In 1998, the state of Wisconsin adopted the standards that preceded CCSS in this state. You can still find them online — here are math and English, for example — and you can compare them to Common Core to see what I mean. CCSS standards, in math especially, are far beyond what Wisconsin used to expect of its students. Those claiming that CCSS has “dumbed down” Wisconsin education clearly either don’t know what’s in CCSS or don’t know what CCSS replaced.
That was the claim in Indiana recently, that Common Core was not good enough for Hoosier children. So that state abandoned CCSS and released its own standards that are, well, mostly copied and pasted from the CCSS. Seriously! Read them and see! As even members of Walker’s party are telling him, you put smart people in a room and ask them what children should know to be college ready, and they’re pretty much going to come up with something like what is currently in the Common Core, and you’ll have just wasted everyone’s time and money.
But clearly, Walker thinks that riding the wave of conservative anti-CCSS paranoia will get him votes in November, and doesn’t care about wasting time and money. But isn’t that what we’ve come to expect from him by now?

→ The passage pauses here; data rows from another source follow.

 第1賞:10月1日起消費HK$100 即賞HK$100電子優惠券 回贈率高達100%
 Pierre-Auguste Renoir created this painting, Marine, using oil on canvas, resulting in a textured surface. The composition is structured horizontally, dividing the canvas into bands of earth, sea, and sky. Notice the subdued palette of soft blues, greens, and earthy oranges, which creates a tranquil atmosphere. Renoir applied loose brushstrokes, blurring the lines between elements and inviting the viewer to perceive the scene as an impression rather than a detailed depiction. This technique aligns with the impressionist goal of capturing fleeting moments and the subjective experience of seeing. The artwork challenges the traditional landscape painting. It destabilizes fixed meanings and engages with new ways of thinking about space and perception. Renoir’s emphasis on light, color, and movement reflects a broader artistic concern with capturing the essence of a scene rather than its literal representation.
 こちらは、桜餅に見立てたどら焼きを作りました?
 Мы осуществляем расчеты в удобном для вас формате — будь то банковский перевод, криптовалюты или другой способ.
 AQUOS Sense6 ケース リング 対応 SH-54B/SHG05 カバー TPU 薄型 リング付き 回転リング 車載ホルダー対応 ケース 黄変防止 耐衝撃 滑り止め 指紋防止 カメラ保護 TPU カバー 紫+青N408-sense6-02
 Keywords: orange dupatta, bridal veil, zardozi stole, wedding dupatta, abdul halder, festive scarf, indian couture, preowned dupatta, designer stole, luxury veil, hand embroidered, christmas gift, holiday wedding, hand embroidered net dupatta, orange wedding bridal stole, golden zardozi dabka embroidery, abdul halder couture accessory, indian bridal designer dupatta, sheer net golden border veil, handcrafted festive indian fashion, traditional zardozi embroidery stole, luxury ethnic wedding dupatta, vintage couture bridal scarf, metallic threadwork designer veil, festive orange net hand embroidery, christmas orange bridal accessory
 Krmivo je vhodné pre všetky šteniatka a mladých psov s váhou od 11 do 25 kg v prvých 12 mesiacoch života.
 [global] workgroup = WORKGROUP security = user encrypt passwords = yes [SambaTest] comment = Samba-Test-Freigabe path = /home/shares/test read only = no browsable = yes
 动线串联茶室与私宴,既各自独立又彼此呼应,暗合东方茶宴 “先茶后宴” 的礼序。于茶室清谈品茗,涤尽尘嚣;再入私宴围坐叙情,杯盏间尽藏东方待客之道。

Postscript: I’ve spent a lot of time over the past couple of years examining my stance on Common Core in terms of the No True Scotsman fallacy. I do that in part because as a liberal blogger throughout the aughts I marveled at how quickly “conservatives” branded George W. Bush as not a true conservative when Bush became toxic following Hurricane Katrina, exploding deficits, the debacle that was Iraq and more. And how, indeed, today’s conservatives have to cast back to Reagan — and not even the real Reagan, but an imaginary version — to find a true conservative icon. The joke among my set was “Conservatism cannot fail, it can only be failed.”
In other words, I wonder if I am suffering the same failure, thinking the Common Core cannot fail, it can only be failed. I worry that I can’t acknowledge the faults in the standards themselves and instead only blame others: the testing industry, stupid critics who haven’t read the standards, Bill Gates, even Reagan his own self for that matter. I don’t think so. Aside from my reservations noted above, I can’t put my finger on anything wrong or even really missing from the standards. But go ahead — prove me wrong in the comments.